- What is being asked:
Locate the word "approximately" in the material, then show every line that holds it.

- Given entries:
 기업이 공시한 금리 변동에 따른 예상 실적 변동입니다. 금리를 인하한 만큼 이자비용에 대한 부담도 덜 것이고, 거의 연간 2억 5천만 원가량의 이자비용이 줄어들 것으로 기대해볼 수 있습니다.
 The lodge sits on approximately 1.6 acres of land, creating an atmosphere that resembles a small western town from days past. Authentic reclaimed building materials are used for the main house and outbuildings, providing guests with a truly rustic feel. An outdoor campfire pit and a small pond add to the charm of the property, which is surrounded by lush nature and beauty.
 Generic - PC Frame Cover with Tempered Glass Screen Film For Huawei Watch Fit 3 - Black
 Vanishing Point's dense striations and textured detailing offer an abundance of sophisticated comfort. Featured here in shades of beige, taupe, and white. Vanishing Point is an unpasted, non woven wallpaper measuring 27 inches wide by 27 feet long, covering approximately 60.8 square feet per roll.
...
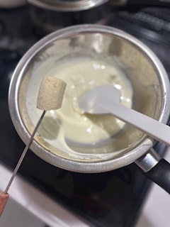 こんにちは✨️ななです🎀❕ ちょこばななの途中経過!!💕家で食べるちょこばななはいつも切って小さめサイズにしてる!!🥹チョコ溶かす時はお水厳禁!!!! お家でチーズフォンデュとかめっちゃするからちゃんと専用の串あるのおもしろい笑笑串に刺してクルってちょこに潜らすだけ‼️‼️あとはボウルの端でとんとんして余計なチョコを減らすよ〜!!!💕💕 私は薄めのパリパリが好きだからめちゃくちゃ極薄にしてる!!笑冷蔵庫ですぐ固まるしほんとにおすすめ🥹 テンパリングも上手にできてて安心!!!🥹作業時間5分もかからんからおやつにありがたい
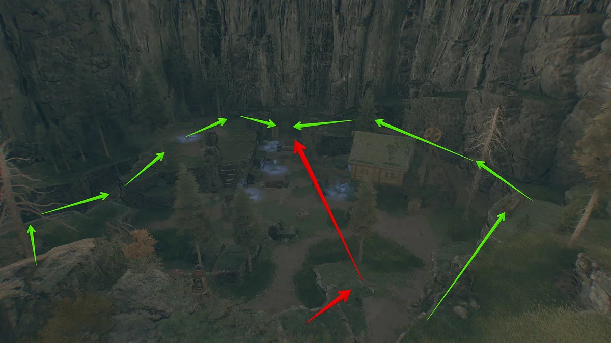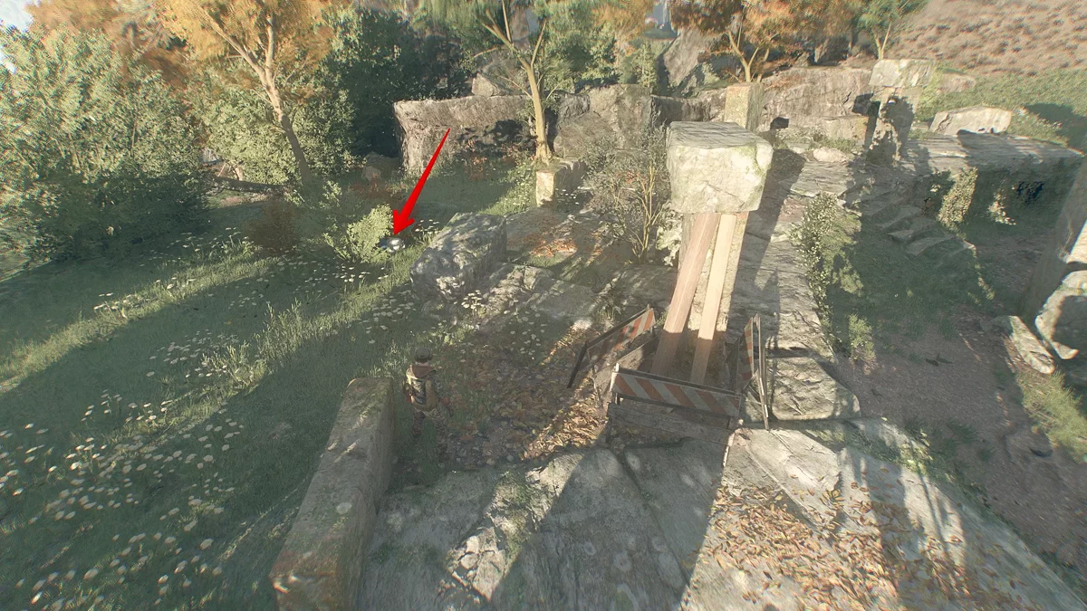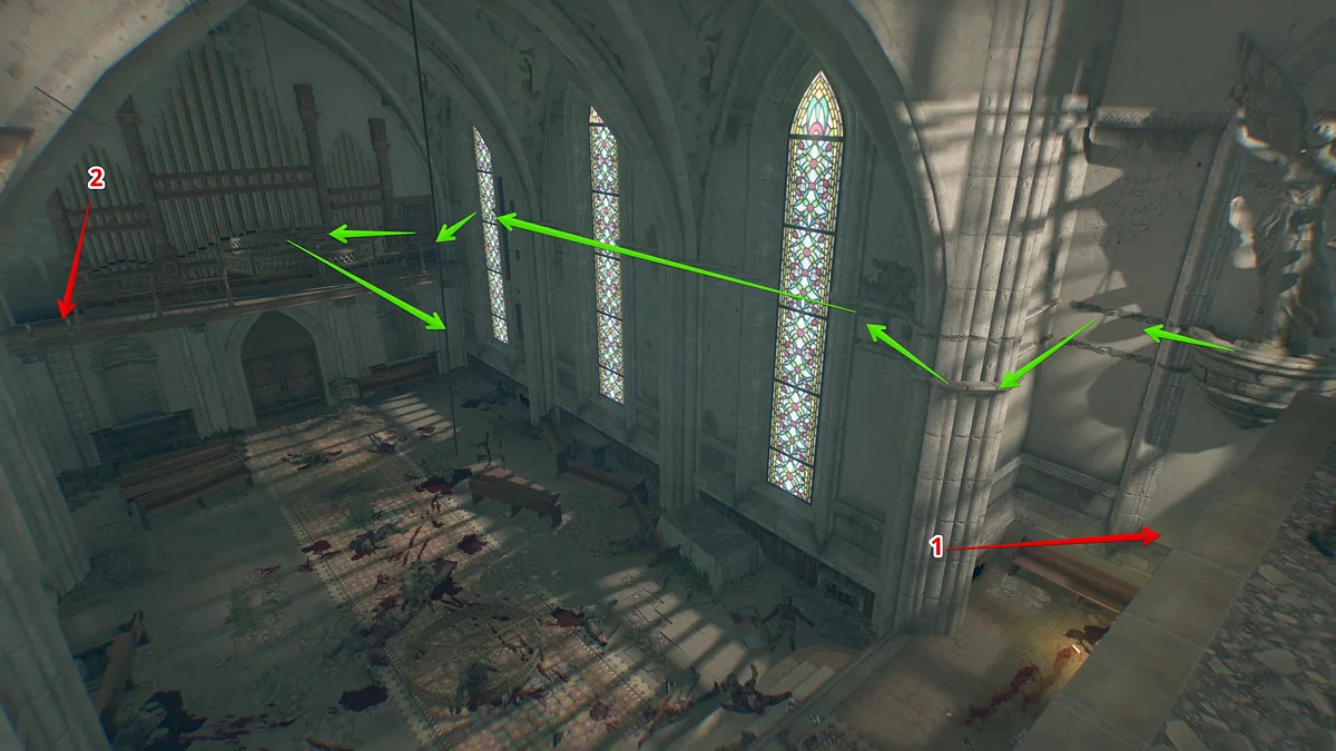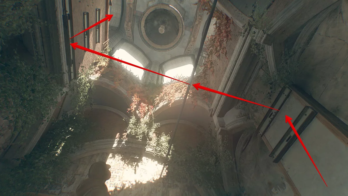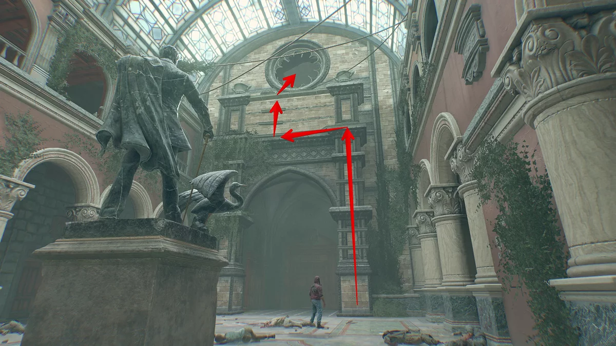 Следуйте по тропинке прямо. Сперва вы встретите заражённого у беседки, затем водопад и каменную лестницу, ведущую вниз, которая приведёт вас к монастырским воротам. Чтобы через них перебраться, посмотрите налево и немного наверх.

- Written response:
 The lodge sits on approximately 1.6 acres of land, creating an atmosphere that resembles a small western town from days past. Authentic reclaimed building materials are used for the main house and outbuildings, providing guests with a truly rustic feel. An outdoor campfire pit and a small pond add to the charm of the property, which is surrounded by lush nature and beauty.
 Vanishing Point's dense striations and textured detailing offer an abundance of sophisticated comfort. Featured here in shades of beige, taupe, and white. Vanishing Point is an unpasted, non woven wallpaper measuring 27 inches wide by 27 feet long, covering approximately 60.8 square feet per roll.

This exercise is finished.